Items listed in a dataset

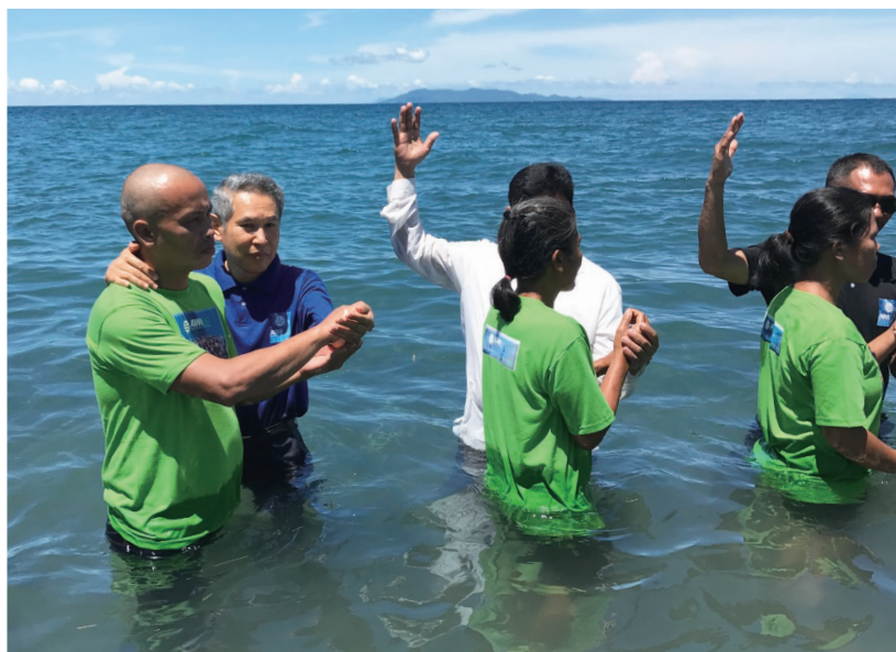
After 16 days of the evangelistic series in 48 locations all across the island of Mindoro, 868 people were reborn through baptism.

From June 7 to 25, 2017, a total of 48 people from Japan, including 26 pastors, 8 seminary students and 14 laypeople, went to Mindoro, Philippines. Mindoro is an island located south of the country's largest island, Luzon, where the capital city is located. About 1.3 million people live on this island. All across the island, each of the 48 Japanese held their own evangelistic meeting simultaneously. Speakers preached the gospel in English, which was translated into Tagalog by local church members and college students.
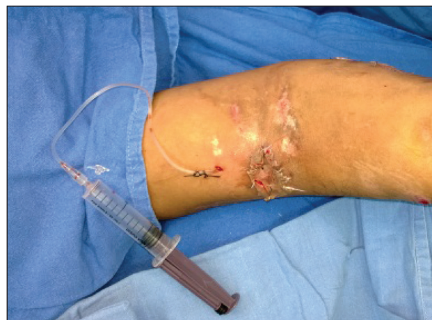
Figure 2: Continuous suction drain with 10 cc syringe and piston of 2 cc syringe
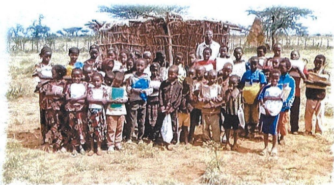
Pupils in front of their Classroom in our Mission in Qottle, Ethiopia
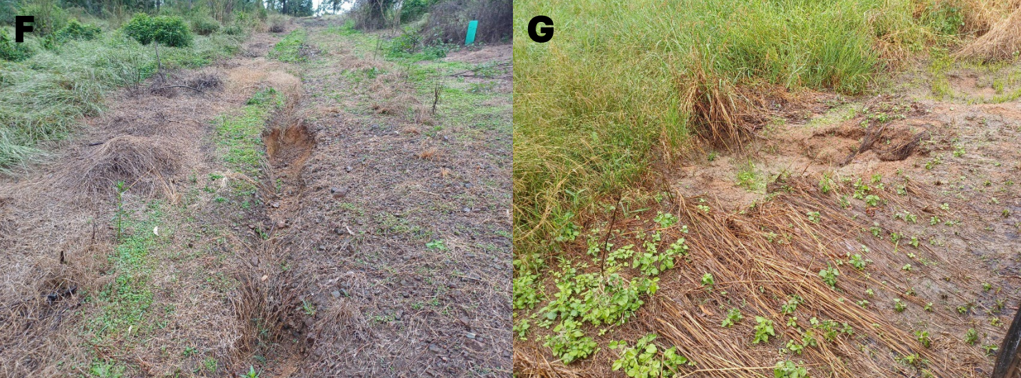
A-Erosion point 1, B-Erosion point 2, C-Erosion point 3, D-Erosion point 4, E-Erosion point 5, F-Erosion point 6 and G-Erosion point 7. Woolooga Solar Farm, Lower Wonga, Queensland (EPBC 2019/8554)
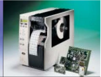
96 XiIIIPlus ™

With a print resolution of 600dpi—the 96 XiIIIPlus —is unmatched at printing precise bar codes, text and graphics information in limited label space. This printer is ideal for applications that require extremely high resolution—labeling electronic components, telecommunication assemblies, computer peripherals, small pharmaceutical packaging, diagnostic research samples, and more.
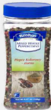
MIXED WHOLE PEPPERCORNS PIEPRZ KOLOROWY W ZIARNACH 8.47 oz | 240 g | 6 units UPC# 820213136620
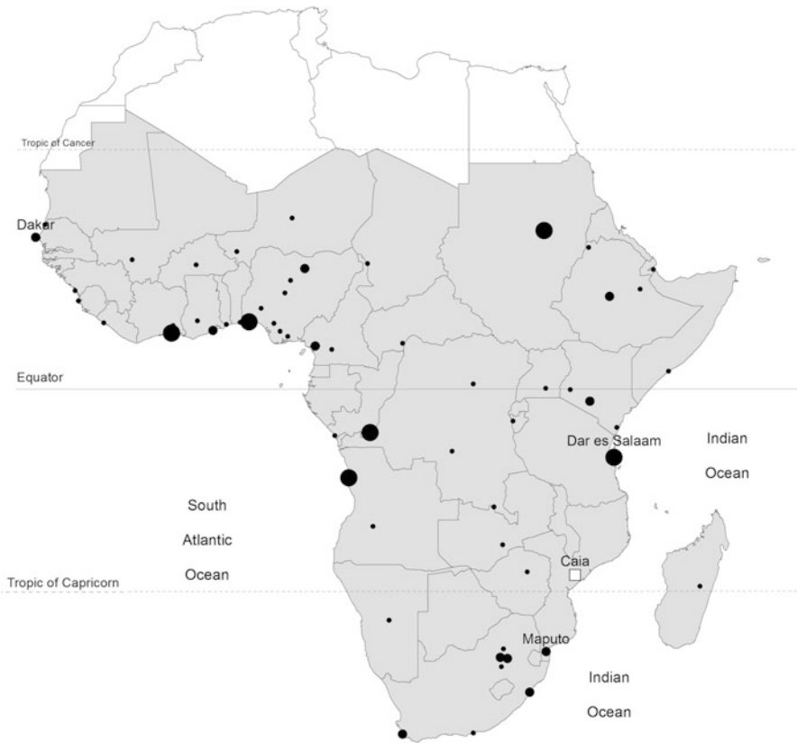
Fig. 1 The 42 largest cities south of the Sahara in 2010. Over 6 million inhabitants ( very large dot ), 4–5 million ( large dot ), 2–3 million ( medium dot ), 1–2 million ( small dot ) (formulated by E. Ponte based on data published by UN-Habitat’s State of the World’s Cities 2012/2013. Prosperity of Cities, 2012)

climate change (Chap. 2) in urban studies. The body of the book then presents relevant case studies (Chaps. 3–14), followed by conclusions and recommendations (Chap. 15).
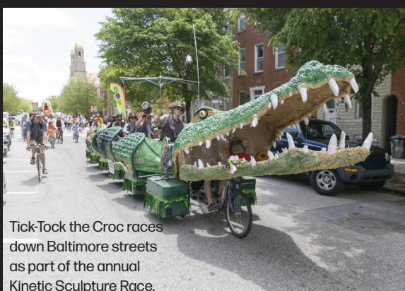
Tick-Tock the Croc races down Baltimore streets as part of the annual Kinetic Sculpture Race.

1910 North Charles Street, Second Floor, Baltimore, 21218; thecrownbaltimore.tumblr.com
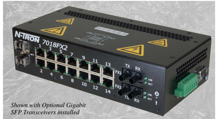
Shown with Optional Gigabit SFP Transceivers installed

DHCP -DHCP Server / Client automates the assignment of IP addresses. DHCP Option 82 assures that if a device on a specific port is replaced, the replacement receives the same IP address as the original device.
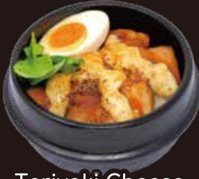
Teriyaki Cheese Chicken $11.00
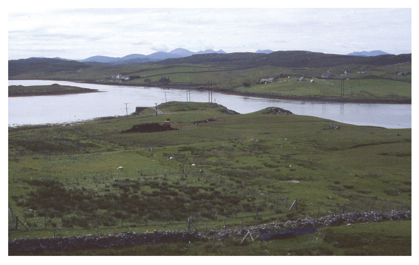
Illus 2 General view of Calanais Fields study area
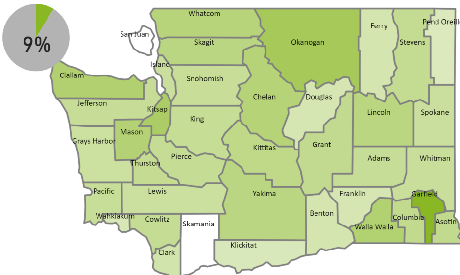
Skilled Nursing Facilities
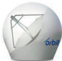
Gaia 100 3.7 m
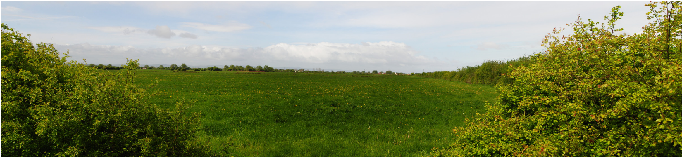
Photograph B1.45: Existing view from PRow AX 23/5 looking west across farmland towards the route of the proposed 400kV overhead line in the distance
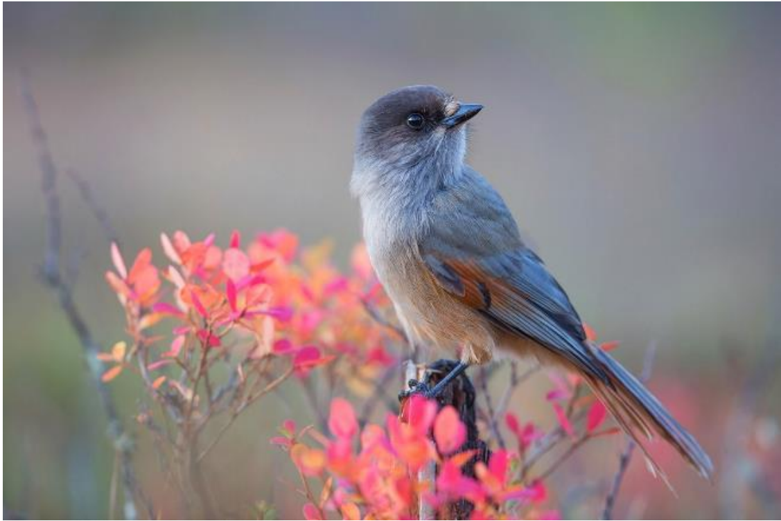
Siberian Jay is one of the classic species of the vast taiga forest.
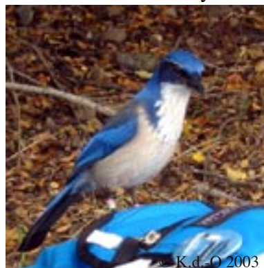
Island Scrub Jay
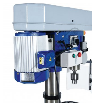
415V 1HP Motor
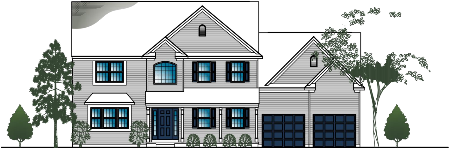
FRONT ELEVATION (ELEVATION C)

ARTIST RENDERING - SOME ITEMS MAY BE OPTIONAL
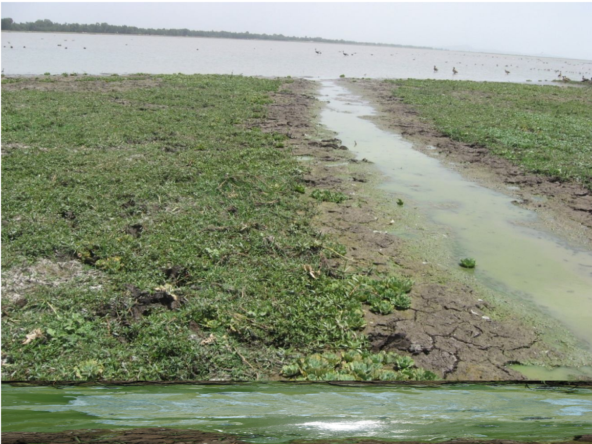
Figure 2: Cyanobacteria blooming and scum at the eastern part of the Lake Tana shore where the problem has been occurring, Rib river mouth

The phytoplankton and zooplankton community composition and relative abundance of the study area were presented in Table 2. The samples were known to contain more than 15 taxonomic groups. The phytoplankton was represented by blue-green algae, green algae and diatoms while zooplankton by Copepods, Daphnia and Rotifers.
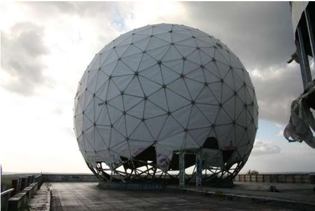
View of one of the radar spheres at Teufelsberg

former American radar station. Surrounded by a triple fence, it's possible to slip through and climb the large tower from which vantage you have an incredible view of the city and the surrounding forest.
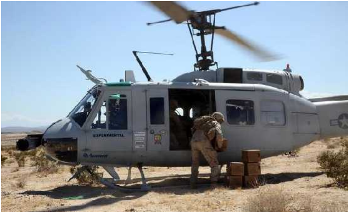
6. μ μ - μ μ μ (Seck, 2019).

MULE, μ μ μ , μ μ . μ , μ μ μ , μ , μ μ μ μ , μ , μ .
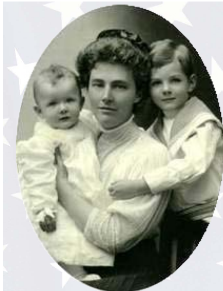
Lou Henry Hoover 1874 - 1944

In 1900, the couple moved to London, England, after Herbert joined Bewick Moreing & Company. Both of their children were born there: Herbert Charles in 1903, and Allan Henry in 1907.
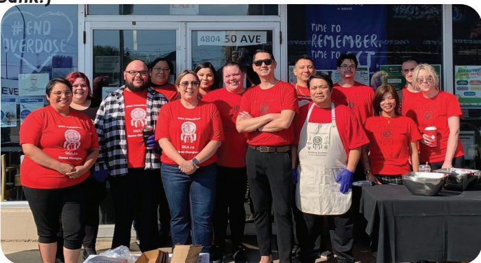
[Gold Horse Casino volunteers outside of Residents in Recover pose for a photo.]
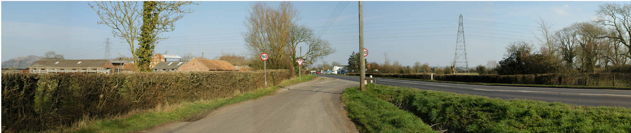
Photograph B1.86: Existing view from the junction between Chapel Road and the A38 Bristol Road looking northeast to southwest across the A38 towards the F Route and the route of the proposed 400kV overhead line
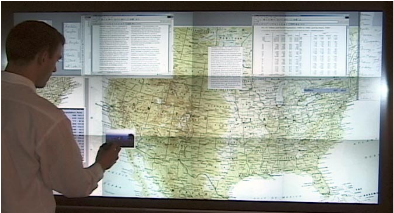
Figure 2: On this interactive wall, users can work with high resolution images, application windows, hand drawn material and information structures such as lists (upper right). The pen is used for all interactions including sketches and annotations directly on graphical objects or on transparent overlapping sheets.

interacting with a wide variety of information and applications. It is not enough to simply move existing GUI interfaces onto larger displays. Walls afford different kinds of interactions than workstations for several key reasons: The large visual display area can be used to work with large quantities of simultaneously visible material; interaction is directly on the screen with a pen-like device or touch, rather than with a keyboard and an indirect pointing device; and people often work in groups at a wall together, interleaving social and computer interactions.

__Work instruction__
Write the records out again exactly; none of the pictures belong in the copy.

__Solution to the exercise__
After 16 days of the evangelistic series in 48 locations all across the island of Mindoro, 868 people were reborn through baptism.

From June 7 to 25, 2017, a total of 48 people from Japan, including 26 pastors, 8 seminary students and 14 laypeople, went to Mindoro, Philippines. Mindoro is an island located south of the country's largest island, Luzon, where the capital city is located. About 1.3 million people live on this island. All across the island, each of the 48 Japanese held their own evangelistic meeting simultaneously. Speakers preached the gospel in English, which was translated into Tagalog by local church members and college students.
Figure 2: Continuous suction drain with 10 cc syringe and piston of 2 cc syringe
Pupils in front of their Classroom in our Mission in Qottle, Ethiopia
A-Erosion point 1, B-Erosion point 2, C-Erosion point 3, D-Erosion point 4, E-Erosion point 5, F-Erosion point 6 and G-Erosion point 7. Woolooga Solar Farm, Lower Wonga, Queensland (EPBC 2019/8554)
96 XiIIIPlus ™

With a print resolution of 600dpi—the 96 XiIIIPlus —is unmatched at printing precise bar codes, text and graphics information in limited label space. This printer is ideal for applications that require extremely high resolution—labeling electronic components, telecommunication assemblies, computer peripherals, small pharmaceutical packaging, diagnostic research samples, and more.
MIXED WHOLE PEPPERCORNS PIEPRZ KOLOROWY W ZIARNACH 8.47 oz | 240 g | 6 units UPC# 820213136620
Fig. 1 The 42 largest cities south of the Sahara in 2010. Over 6 million inhabitants ( very large dot ), 4–5 million ( large dot ), 2–3 million ( medium dot ), 1–2 million ( small dot ) (formulated by E. Ponte based on data published by UN-Habitat’s State of the World’s Cities 2012/2013. Prosperity of Cities, 2012)

climate change (Chap. 2) in urban studies. The body of the book then presents relevant case studies (Chaps. 3–14), followed by conclusions and recommendations (Chap. 15).
Tick-Tock the Croc races down Baltimore streets as part of the annual Kinetic Sculpture Race.

1910 North Charles Street, Second Floor, Baltimore, 21218; thecrownbaltimore.tumblr.com
Shown with Optional Gigabit SFP Transceivers installed

DHCP -DHCP Server / Client automates the assignment of IP addresses. DHCP Option 82 assures that if a device on a specific port is replaced, the replacement receives the same IP address as the original device.
Teriyaki Cheese Chicken $11.00
Illus 2 General view of Calanais Fields study area
Skilled Nursing Facilities
Gaia 100 3.7 m
Photograph B1.45: Existing view from PRow AX 23/5 looking west across farmland towards the route of the proposed 400kV overhead line in the distance
Siberian Jay is one of the classic species of the vast taiga forest.
Island Scrub Jay
415V 1HP Motor
FRONT ELEVATION (ELEVATION C)

ARTIST RENDERING - SOME ITEMS MAY BE OPTIONAL
Figure 2: Cyanobacteria blooming and scum at the eastern part of the Lake Tana shore where the problem has been occurring, Rib river mouth

The phytoplankton and zooplankton community composition and relative abundance of the study area were presented in Table 2. The samples were known to contain more than 15 taxonomic groups. The phytoplankton was represented by blue-green algae, green algae and diatoms while zooplankton by Copepods, Daphnia and Rotifers.
View of one of the radar spheres at Teufelsberg

former American radar station. Surrounded by a triple fence, it's possible to slip through and climb the large tower from which vantage you have an incredible view of the city and the surrounding forest.
6. μ μ - μ μ μ (Seck, 2019).

MULE, μ μ μ , μ μ . μ , μ μ μ , μ , μ μ μ μ , μ , μ .
Lou Henry Hoover 1874 - 1944

In 1900, the couple moved to London, England, after Herbert joined Bewick Moreing & Company. Both of their children were born there: Herbert Charles in 1903, and Allan Henry in 1907.
[Gold Horse Casino volunteers outside of Residents in Recover pose for a photo.]
Photograph B1.86: Existing view from the junction between Chapel Road and the A38 Bristol Road looking northeast to southwest across the A38 towards the F Route and the route of the proposed 400kV overhead line
Figure 2: On this interactive wall, users can work with high resolution images, application windows, hand drawn material and information structures such as lists (upper right). The pen is used for all interactions including sketches and annotations directly on graphical objects or on transparent overlapping sheets.

interacting with a wide variety of information and applications. It is not enough to simply move existing GUI interfaces onto larger displays. Walls afford different kinds of interactions than workstations for several key reasons: The large visual display area can be used to work with large quantities of simultaneously visible material; interaction is directly on the screen with a pen-like device or touch, rather than with a keyboard and an indirect pointing device; and people often work in groups at a wall together, interleaving social and computer interactions.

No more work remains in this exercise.